Day #2 of a self-imposed break from 3-MeO-PCP. I love the stuff but I need to acknowledge that I've been binging just a bit too hard. I've been using it quite consistently for almost two months, every other day or sometimes more at certain points. I think prior to my break I'd taken it about 5 days in a row, not small doses either. On Friday I went to a concert, had a very fun time but took way too much 3-MeO and drank a bit too much as well, leaving me with some intense spins. I need to stop for several reasons.
1) It's causing me to be reckless with my spending (I was in absolute shock when I looked at my checking account yesterday, and I've been using my credit card way more often than I should be.)
2) It's also causing me to be reckless with my benzo use - I'm usually very responsible and only take my prescribed 1mg Clonazepam per night, but due to needing to sleep and everything I've been taking about 2mg Clonazepam per night, on top of sporadic etizolam and alprazolam use. I'll need to order more benzos, possibly etizolam or clonazolam, for when I inevitably run out of my prescription early - but this only makes problem #2 worse, and is also impacted strongly by problem #1 of not having any money. Oh, and it's caused my cigarette use to skyrocket - I've been smoking nearly half a pack a day, which is expensive and also completely unwarranted since I have a really nice vape that I've been using to, you know, quit cigarettes.

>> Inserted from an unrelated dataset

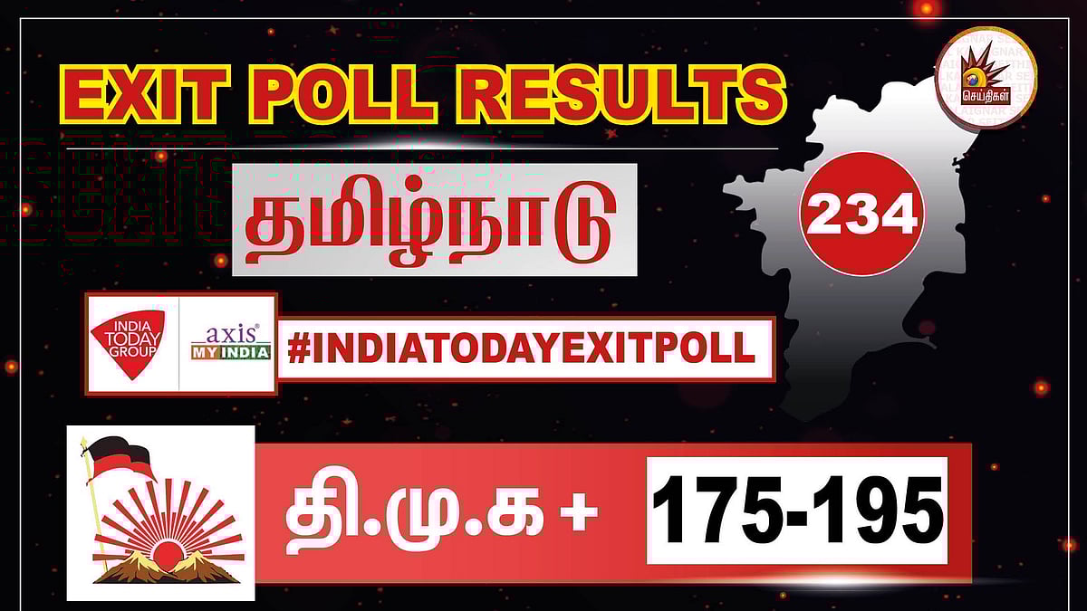 இந்தியா டுடே - மை ஆக்சிஸ் இணைந்து நடத்திய தேர்தலுக்குப் பிந்தைய கருத்துக் கணிப்புகளின் படி தி.மு.க கூட்டணி 175 முதல் 195 தொகுதிகள் வரை வெல்லும் எனக் கணிக்கப்பட்டுள்ளது. அ.தி.மு.க கூட்டணி 38 முதல் 54 தொகுதிகள் வரை வெல்ல வாய்ப்பிருப்பதாக கணிக்கப்பட்டுள்ளது. மற்ற கட்சிகள் 1 முதல் 4 வரை வெல்லக்கூடும் எனத் தெரிவிக்கப்பட்டுள்ளது.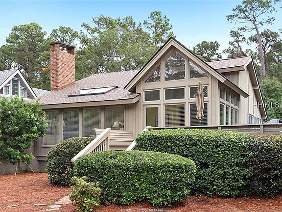 Beautifully remodeled all one level 3 br/3 bath home on prime Harbour Town lot viewing the 2nd fairway. Wood and tile floors, high vaulted wood paneled and smooth ceilings, Carolina room, tastefully furnished in fun vacation décor. Very sunny and light, fireplace, large open air deck. Storage area. Potential for garage. Elevated construction. Great rental or second home. No condo fees. Great opportunity in the prime neighborhood of only 11 homes.

3) It's fucking up my sleep schedule a lot. It's damn near impossible to sleep on the stuff, benzos or no benzos (of course my benzo tolerance is probably a factor here as well.) I just slept for 14+ hours straight after being awake for over 36 hours, which is something I almost never do these days since my body is getting too old to handle it. I went into work on Saturday morning feeling pretty miserable. It was an 8AM shift and I was coasting off of ZERO hours of sleep. In order to stay awake, I foolishly took 200mg R-Modafinil, a 200mg caffeine pill, AND a strong cup of coffee, which left me feeling jittery and shakey and with a pounding headache and all types of horrible feels, during my shift. I was scheduled 8AM until 230PM but was made till stay until fucking 5PM...upon which I got home and took 1.5mg Clonazepam and some Nyquil, leading to my 14 hour coma.
4) I also suspect that in some way, shape or form it's fucking up my cognition. For example I usually speak pretty well but recently I've been experiencing stuttering, slurring of words, and a mild mental fog. I think this will go away soon enough. But, yeah, a break would be both helpful and necessary....it's time to "dry out" from the "wet", so to speak. I'm also taking a break from alcohol, cigarettes, and excessive use of uppers (been using too much 3fpm and cocaine lately as well.) Plus I'm going to stick with no more than my prescribed dose of benzos.
It's now 7 in the morning, and it's a new day, gonna do my best to stay positive and make the best of it despite the anhedonia and possibly mild depression I'm about to experience during my 3-MeO/other substances break. I think the key here will be to keep myself occupied - I should really hit up the gym. I also have plenty of things to watch on Netflix, and some Dark Souls 3 to play, so I should be able to get through this just fine. It's not like 3-MeO is physically addictive in the least, it's just mind-bogglingly mentally addictive, and if I can't go at least 4 days without a microdose then I should probably have a friend hold on to the stuff for the time being. WTF is with this drug?
Anyways, on topic:
.25mg Clonazepam
600mg Gabapentin
500mg-1000mg Phenibut
One small bowl of weed
E-cig
Feeling okay, probably will feel a lot better once the phenibut kicks in. Probably about to drink some coffee or perhaps take a small dose (50-100mg) of R-Modafinil to give myself the motivation to do things today. But for now I'm content lounging around on a mild downer cocktail, secretly craving some opiates because my oh my would that hit the spot. Top of the morning and stay well, everyone.
UPDATE: Added 100mg R-Modafinil, 300mg Gabapentin, and getting ready to smoke another small bowl of weed.